Political developments will also have an impact on the appeal of the single currency, especially with the sense of uncertainty that continues to surround the future of the US. The latest Eurogroup meeting could put additional pressure on the Euro as investors will be looking for signs that progress is being made between Greece and its creditors. Any indications that there will be more delays to the next stage of the bailout program could severely dent the EUR GBP exchange rate.
BoE Policy Meeting Expected to Diminish Pound Sterling Demand
Brexit is expected to continue to dominate sentiment towards Sterling for the foreseeable future, with investors awaiting the publication of Theresa May’s promised white paper on the subject. Any signals that the government continues to favour a ‘clean break’ or harder form of Brexit could exacerbate the downside bias of the Pound, despite the prospect of increased government oversight of the process.

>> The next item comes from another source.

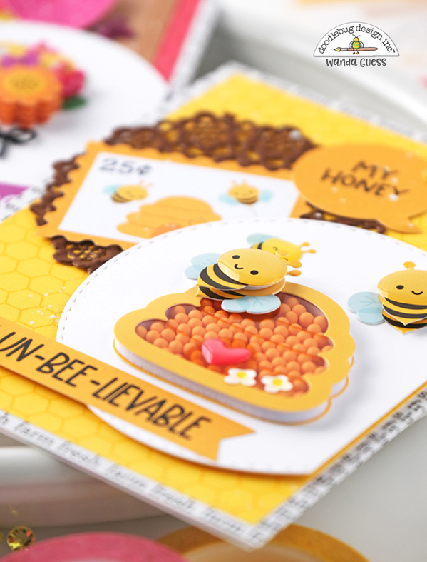 The little Beehive Doodle Pop is a shaker! Bzzzzz. I added a couple of flowers and a heart to that sweet little hive. Oh, and some buzzin bees too.
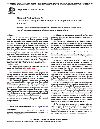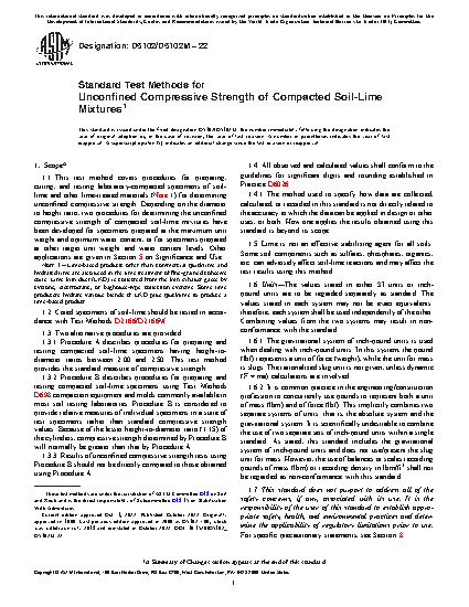 1.1 This test method covers procedures for preparing, curing, and testing laboratory-compacted specimens of soil-lime and other lime-treated materials (Note 1) for determining unconfined compressive strength. Depending on the diameter to height ratio, two procedures for determining the unconfined compressive strength of compacted soil-lime mixtures have been developed for specimens prepared at the maximum unit weight and optimum water content, or for specimens prepared at other target unit weight and water content levels. Other applications are given in Section 5 on Significance and Use.

Further volatility could be in store for the Pound when the Bank of England (BoE) meets for its first policy decision of 2017. There is no expectation for policymakers to shift from their current neutral stance on interest rates, although the solid GDP figures could prompt some degree of optimism. If speculation of a return to monetary tightening remains limited then the EUR GBP exchange rate could strengthen.
As Liz Martins, UK economist at HSBC, noted:
‘The output gap is smaller and the labour market is tighter. But we are not persuaded that the structural story that has kept rates low till now has changed meaningfully. In a year full of uncertainty, even if you think our forecasts are overly pessimistic, raising rates will still be seen as risky. Rather, we think the Bank will look through higher inflation, passing it off as imported, rather than domestically generated.’
Current Interbank EUR GBP Exchange Rates
At the time of writing, the Euro to Pound (EUR GBP) exchange rate was making strong gains in the region of 0.85, while the Pound Euro (GBP EUR) pairing was slumped around 1.17.